● **Prompt**
In the records below, find the line containing "- High Quality" and the line containing "クロモリフレームのシティバイ". Give again exactly those lines and every line between them, omitting the pictures.

● **Listed entries**
::::

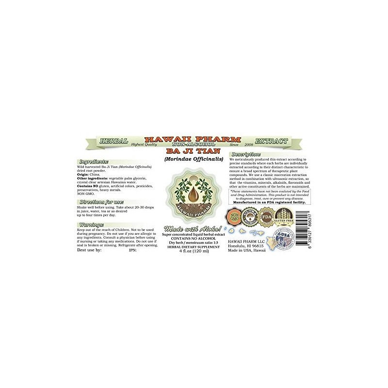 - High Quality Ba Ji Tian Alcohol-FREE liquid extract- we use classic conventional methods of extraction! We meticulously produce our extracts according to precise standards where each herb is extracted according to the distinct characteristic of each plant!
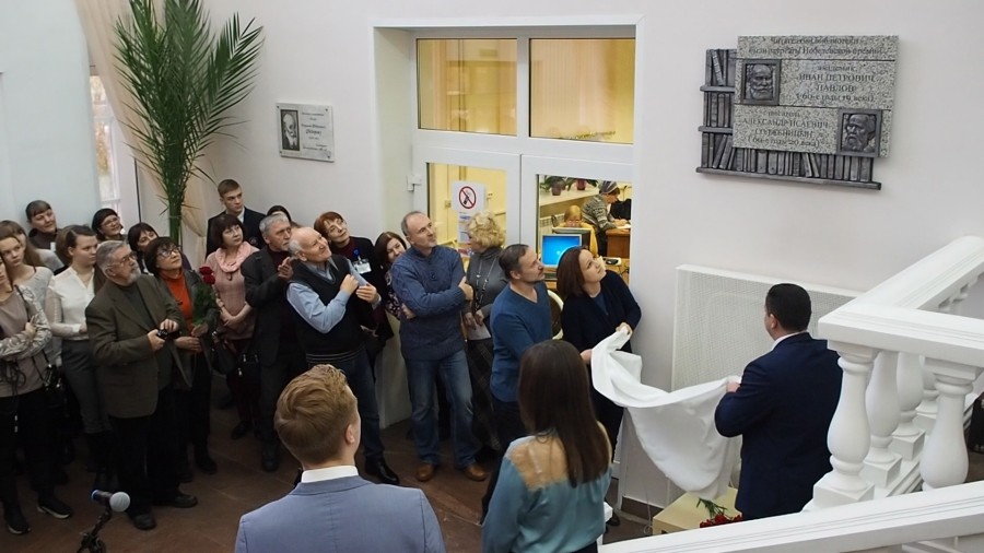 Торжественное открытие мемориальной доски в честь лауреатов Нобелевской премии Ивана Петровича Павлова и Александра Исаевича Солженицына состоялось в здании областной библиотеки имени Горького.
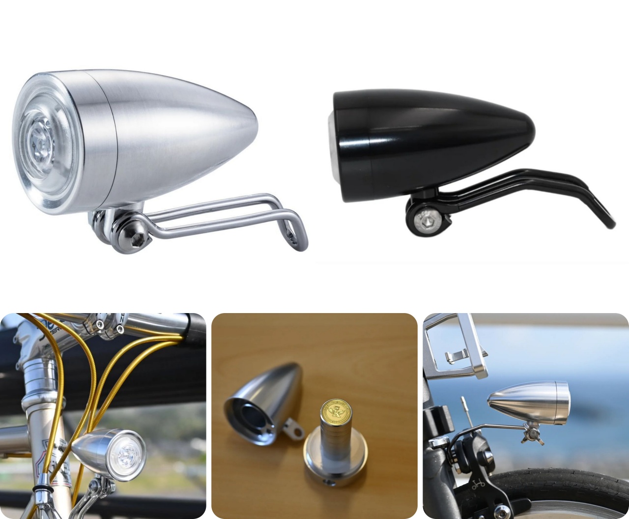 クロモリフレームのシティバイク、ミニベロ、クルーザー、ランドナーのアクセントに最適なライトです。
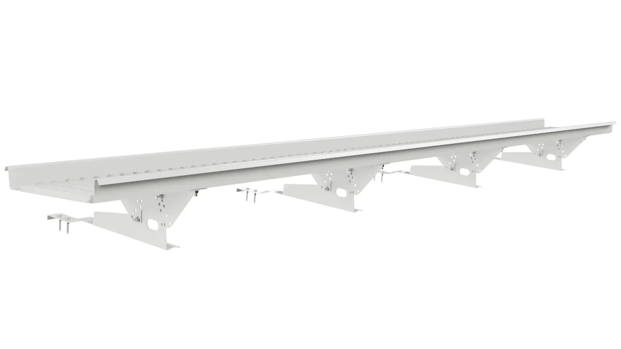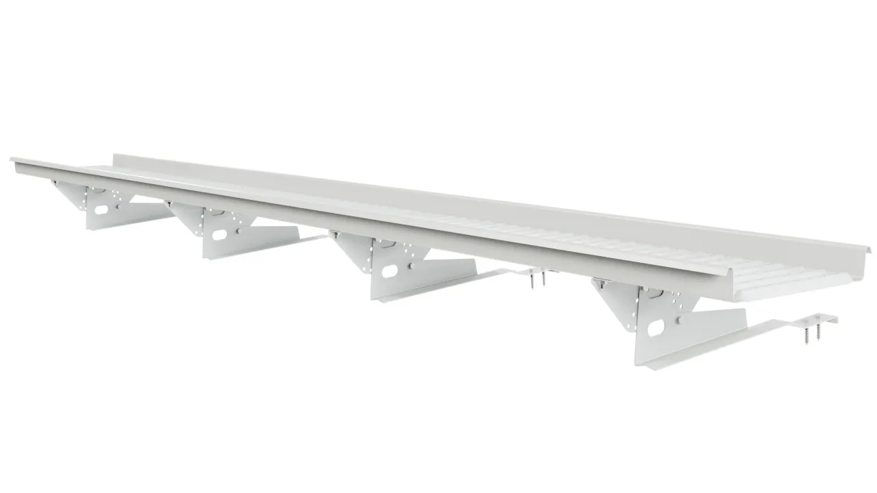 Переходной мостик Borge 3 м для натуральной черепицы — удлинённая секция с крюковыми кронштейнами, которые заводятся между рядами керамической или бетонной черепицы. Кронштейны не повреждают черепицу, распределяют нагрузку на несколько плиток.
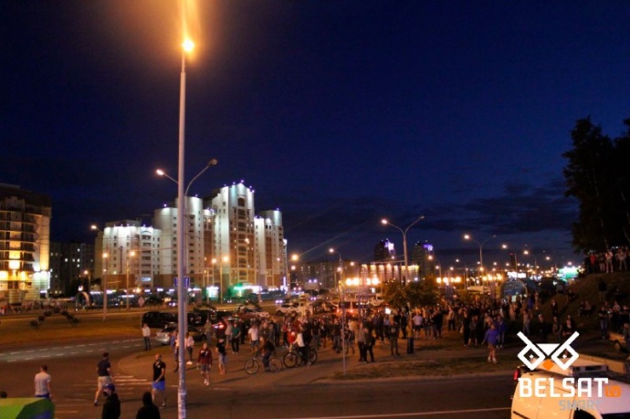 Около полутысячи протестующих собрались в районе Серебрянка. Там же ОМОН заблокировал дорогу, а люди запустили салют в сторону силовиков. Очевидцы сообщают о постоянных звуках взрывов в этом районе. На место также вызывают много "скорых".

::::

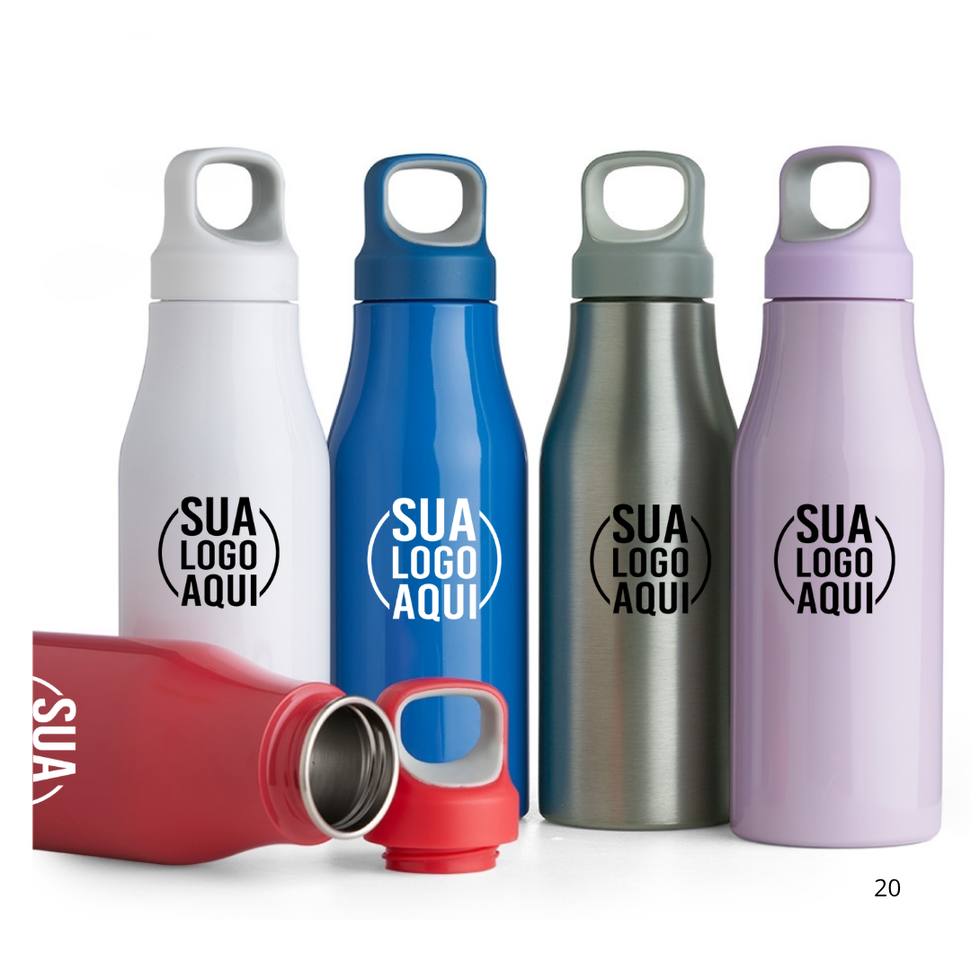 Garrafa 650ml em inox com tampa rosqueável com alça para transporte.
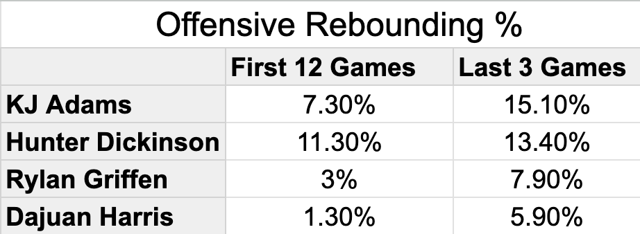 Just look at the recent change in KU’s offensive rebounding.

::::

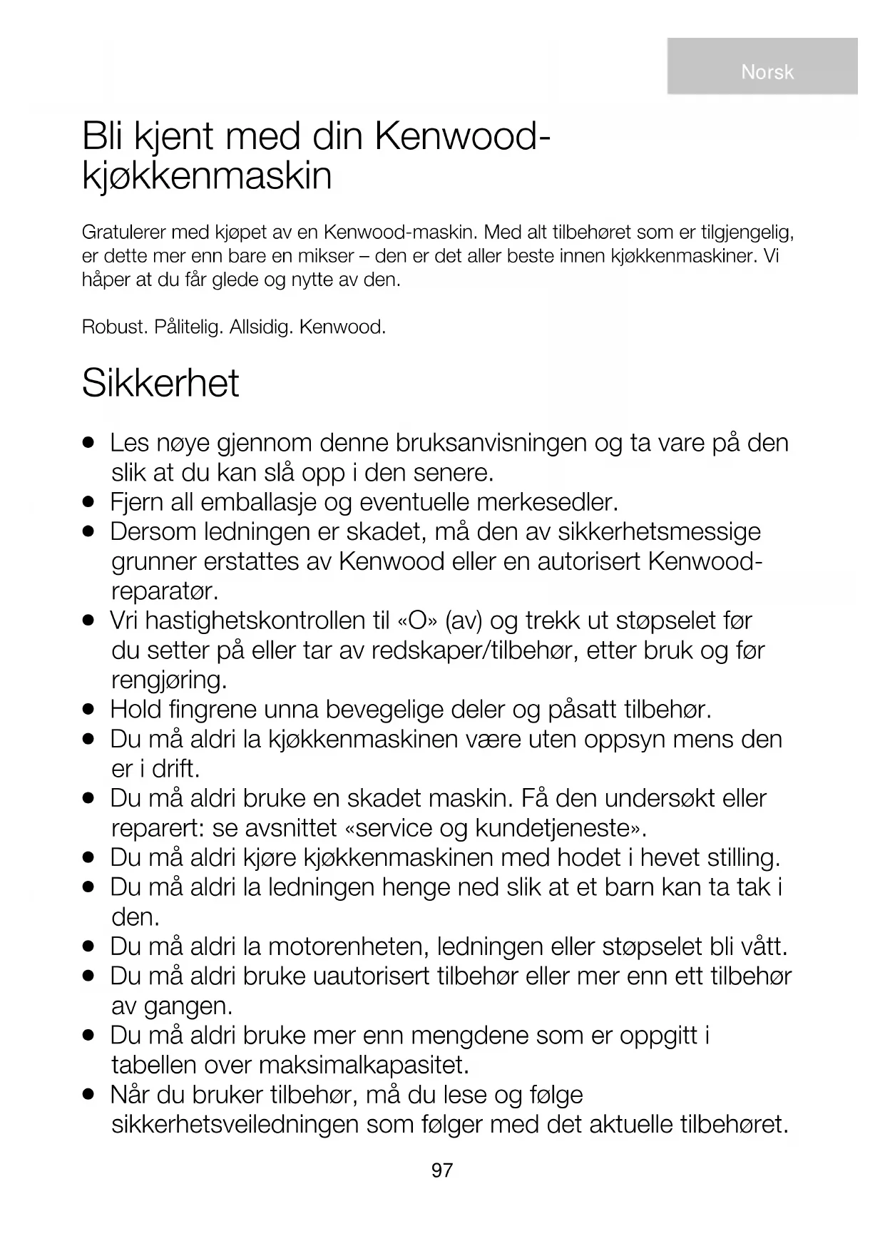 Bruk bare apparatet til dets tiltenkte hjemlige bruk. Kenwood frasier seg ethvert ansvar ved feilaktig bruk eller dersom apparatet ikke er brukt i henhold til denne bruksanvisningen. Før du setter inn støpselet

::::

● **Result below**
 - High Quality Ba Ji Tian Alcohol-FREE liquid extract- we use classic conventional methods of extraction! We meticulously produce our extracts according to precise standards where each herb is extracted according to the distinct characteristic of each plant!
 Торжественное открытие мемориальной доски в честь лауреатов Нобелевской премии Ивана Петровича Павлова и Александра Исаевича Солженицына состоялось в здании областной библиотеки имени Горького.
 クロモリフレームのシティバイク、ミニベロ、クルーザー、ランドナーのアクセントに最適なライトです。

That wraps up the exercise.